# Networking much better in 13.1 (upgraded from 12.2)



## Rudy (Apr 20, 2022)

Our FreeBSD router was getting taxed at 15Gbps -- started to drop packets, customer complaints, etc.

I upgrade to 13.1, turned on hyperthreading, and upped the hw.cxgbe queues to 16 from 8 and the box is working fine.  I'm not sure if this is solely due to the hyperthreading of if the reworked networking stack in 13.1 is that much better.  Posting good news here for other that may have throughput issues.

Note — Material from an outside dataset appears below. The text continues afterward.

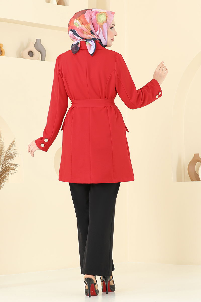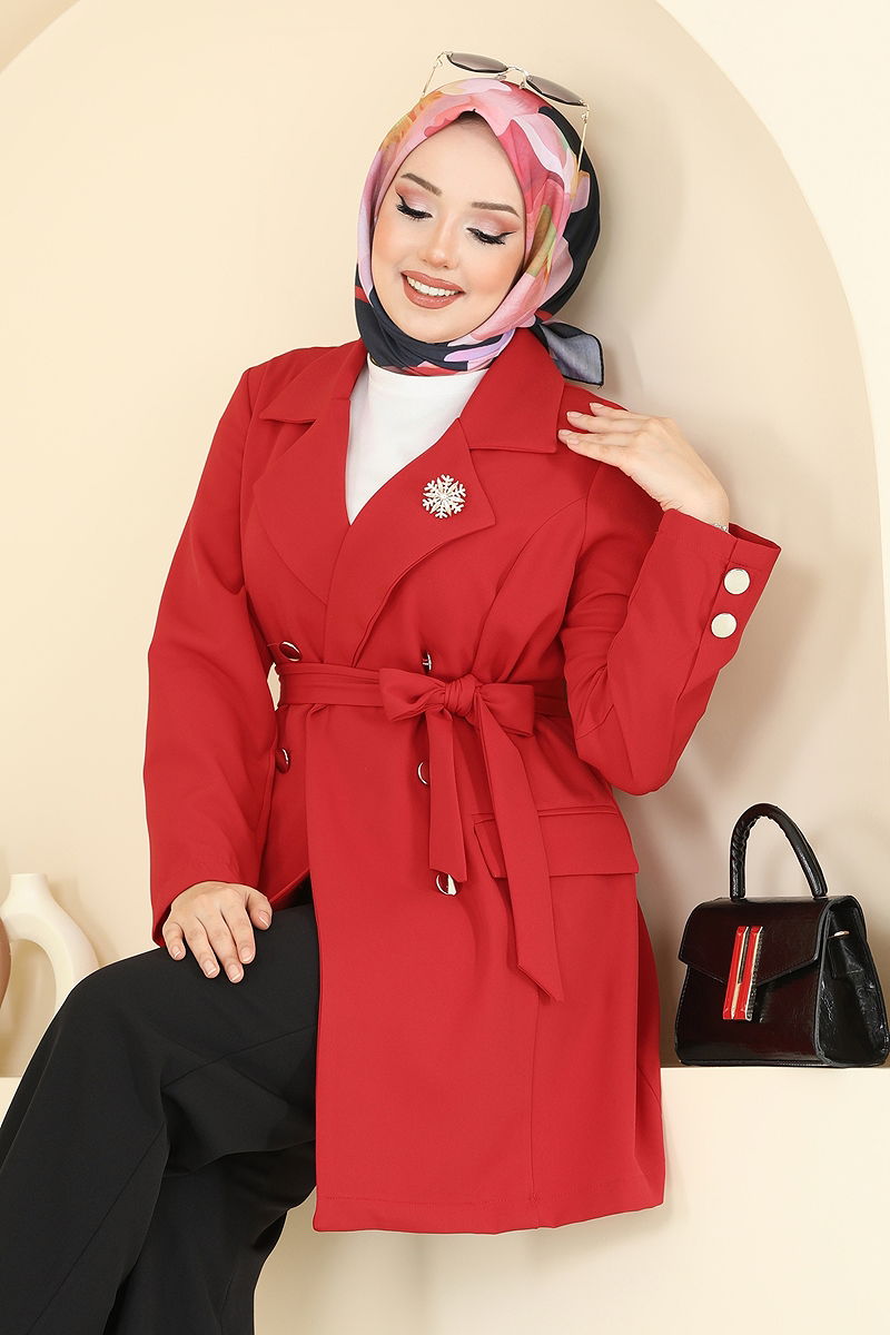المنتج لديه ياقة مفتوحة. المنتج به أزرار من الأمام. غير مبطنة. الحزام متضمن، ،يمكن استخدامها حسب الرغبة الملحقات غير متضمنة. البلوزة غير متضمنة. صُنعت عينة من المجموعة مع البلوزة لإظهار الاستخدام المقصود للمنتج. تفاصيل الجيب عبارة عن إكسسوارات. خصر البنطال مرن. أزرار الأكمام إكسسوارات. قد يكون هناك اختلاف في الدرجة اللونية في المنتج بسبب التقاط الصور الفوتوغرافية.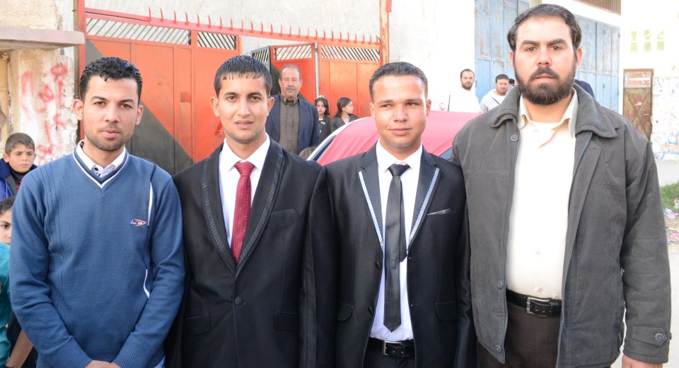 علي عبدالجواد الاغا، والد العريس، نعيم صلاح الاغا، العريس، محمد البيوك (زوج أخت العريس)

Also interesting, in the attached graphs, note the interrupts tanked when bandwidth and load went up in FreeBSD 12 - that is when we started to get packet loss.

_Background: _ 3 chelsio cards, dual decacore CPU
 t6nex0: <Chelsio T62100-LP-CR>* numa-domain 0* on pci10
 t5nex0: <Chelsio T540-LP-CR>* numa-domain 1 *on pci14
 t5nex1: <Chelsio T540-LP-CR> *numa-domain 1* on pci16
 CPU: Intel(R) Xeon(R) Silver 4210 CPU @ 2.20GHz
We have a chelsio_affinity script that is '*numa aware*' to bind the interrupts to different CPU cores. Without the hyperthreading, we could only support 8 queues per port, now with hyperthreading, we can do 16 queues (power of 2 and less than number of cores on a cpu).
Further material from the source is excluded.